The court noted that before 2006, there was a circuit split over whether Federal Rule of Evidence 408, which deems evidence connected to settlement negotiations inadmissible for certain purposes, applied in criminal cases. That split, though, was resolved with the 2006 amendment to Rule 408, which added the following italicized language to the Rule:

(a) Prohibited uses.-Evidence of the following is not admissible on behalf of any party, when offered to prove liability for, invalidity of, or amount of a claim that was disputed as to validity or amount, or to impeach through a prior inconsistent statement or contradiction:

(1) furnishing or offering or promising to furnish-or accepting or offering or promising to accept-a valuable consideration in compromising or attempting to compromise the claim; and

(2) conduct or statements made in compromise negotiations regarding the claim, except when offered in a criminal case and the negotiations related to a claim by a public office or agency in the exercise of regulatory, investigative, or enforcement authority.

(b) Permitted uses.-This rule does not require exclusion if the evidence is offered for purposes not prohibited by subdivision (a). Examples of permissible purposes include proving a witness's bias or prejudice; negating a contention of undue delay; and proving an effort to obstruct a criminal investigation or prosecution.  

According to the Eastern District of Pennsylvania, two things convinced it that this amendment made it clear that Rule 408 applies in criminal cases. First, the Advisory Committee Note to the amended Rule indicated that "statements made during compromise negotiations of other disputed claims are not admissible in subsequent criminal litigation, when offered to prove liability for, invalidity of, or amount of those claims." Second, even several courts which had previously found Rule 408 inapplicable in criminal cases before the 2006 amendment have now changed their tunes, with some noting that the creation of the partial exemption in subsection (2) in criminal cases "would be nonsensical unless the rule pertains to both civil and criminal cases."

And, according to the court, the problem for the prosecution was that the subject settlement evidence in Davis was evidence of settlement negotiations between private parties, meaning that the partial exception in subsection (2) was inapplicable. The prosecution, however, argued that it was offering this settlement evidence to prove permissible purposes under Rule 408

(1) to show lack of mistake, in that defendant frequently attempted to blame others for his failure to purchase insurance or bonds with premiums paid by victims, and (2) to show that defendant's motive for defrauding subsequent clients was, in part, to obtain money to repay Regency Oaks under the agreement.

The court agreed that these were permissible purposes but still found that the evidence was inadmissible under Federal Rule of Evidence 403 because its probative value was substantially outweighed by the danger of unfair prejudice. According to the court,

on the present state of the record, the probative value of the Regency Oaks agreement is substantially outweighed by the danger of unfair prejudice. This ruling is based on the risk that a jury will view the agreement as a confession of liability and guilt, regardless of the purpose for which the evidence is received. As the Fifth Circuit observed in United States v.
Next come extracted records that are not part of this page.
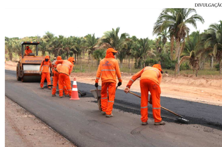
O INVESTIMENTO MELHOROU A VIDA DE 52.664 MORADORES

Buritirana e Amarante receberam do Governo do Estado 20 quilômetros de pavimentação de vias urbanas e rurais. Investimento que melhorou a vida dos 52.664 moradores, com o fim da poeira, da lama e com melhores condições de acesso.
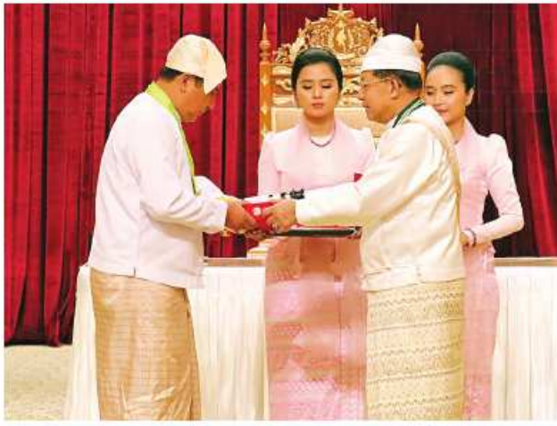
နိုင်ငံတော်စီမံအုပ်ချုပ်ရေးကောင်စီဥက္ကဋ္ဌ နိုင်ငံတော်ဝန်ကြီးချုပ် ဝိုင်းချုပ်မျိုးကြီး သတိုးမဟာသရေစည်သူ သတိုးသီရိသုဓမ္မမင်းအောင်လှိုင် ဝဏ္ဏကျော်ထင်ဘွဲ့ရရှိသူ နိုင်ငံတော်စီမံအုပ်ချုပ်ရေးကောင်စီရုံး ဒုတိယဝန်ကြီး ဦးစင်လတ်အား ဂုဏ်ထူးဆောင်ဘွဲ့ ချီးမြှင့်အပ်နှင်းစဉ်။
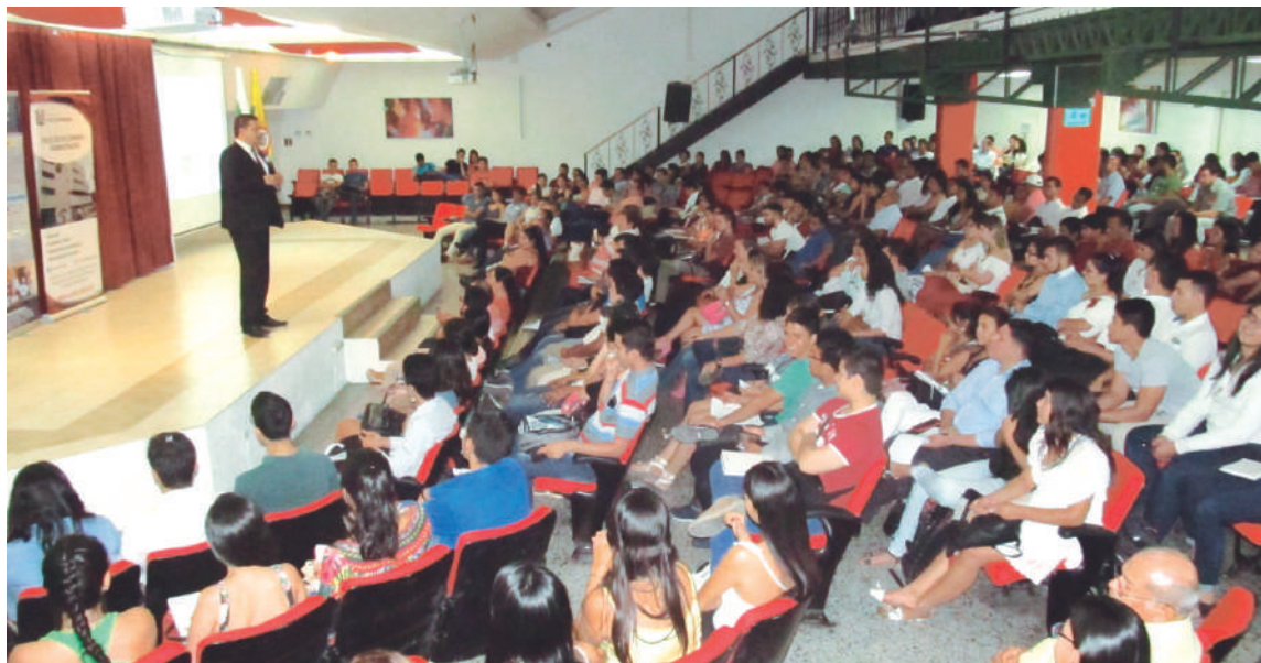
La ejecución del contrato para el mejoramiento del auditorio de la Facultad de Economía de la Universidad Surcolombiana en Neiva, valorado en cerca de $5 mil millones, ha sido declarado de impacto nacional por la Contraloría.

Además, la Contraloría insta a las administraciones entrantes y salientes a tomar medidas concretas para asegurar la culminación satisfactoria de los proyectos en beneficio de la comunidad, marcando un hito en la lucha contra la corrupción y la irresponsabilidad gubernamental.
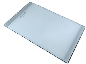
PLANCHE DE DECOUPE CRYSTAL

* uniquement en combinaison avec l'accessoire A644 F04
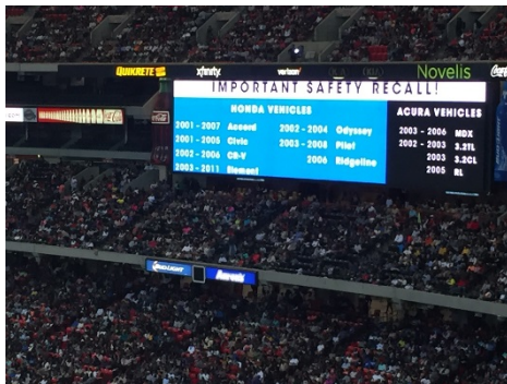
Se exhibió un mensaje de retiro en la pantalla de video del estadio en la Batalla de las Bandas Honda 2016, un evento al que asistieron más de 63,000 personas en Atlanta, Georgia.

Los anuncios de página completa en periódicos en inglés y español están diseñados para atraer la atención de los lectores y recomendarles que reparen sus vehículos.
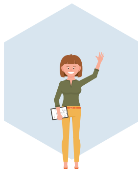
Ausgeprägtes analytisches und zielorientiertes Denkvermögen
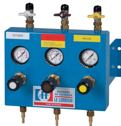
Housing dimensions (in mm)
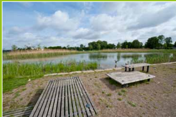
Im RennbahnPark gibt es vielfältige Möglichkeiten, aktiv zu werden, aber auch zum Entspannen
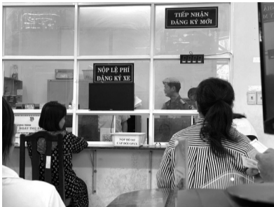
● Tại một điểm tiếp nhận hồ sơ cấp, đổi GPLX ở quận Bình Thạnh.

Với các trường hợp không thuộc thẩm quyền tiếp nhận của Công an cấp xã (cấp mới hạng bằng lái FC, liên quan đến bằng lái quốc tế), các cán bộ cũng trực tiếp hướng dẫn người dân liên hệ với 3 điểm tiếp nhận của Phòng Cảnh sát giao thông tại quận 3, quận Tân Phú và quận 12.

Hays, "the potential impact of evidence regarding a settlement agreement with regard to a determination of liability is profound. It does not tax the imagination to envision the juror who retires to deliberate with the notion that if the defendant[] had done nothing wrong, [he] would not have paid the money back."...Measured against the government's need for the challenged evidence-particularly in light of the other evidence of the scheme to defraud-this potential prejudicial effect weighs heavily....Even a carefully crafted limiting instruction might not eliminate the prejudicial effect of the agreement. Thus, the defendant's Motion in Limine is granted as to the Regency Oaks settlement agreement, and the government is precluded from presenting evidence of the agreement at trial.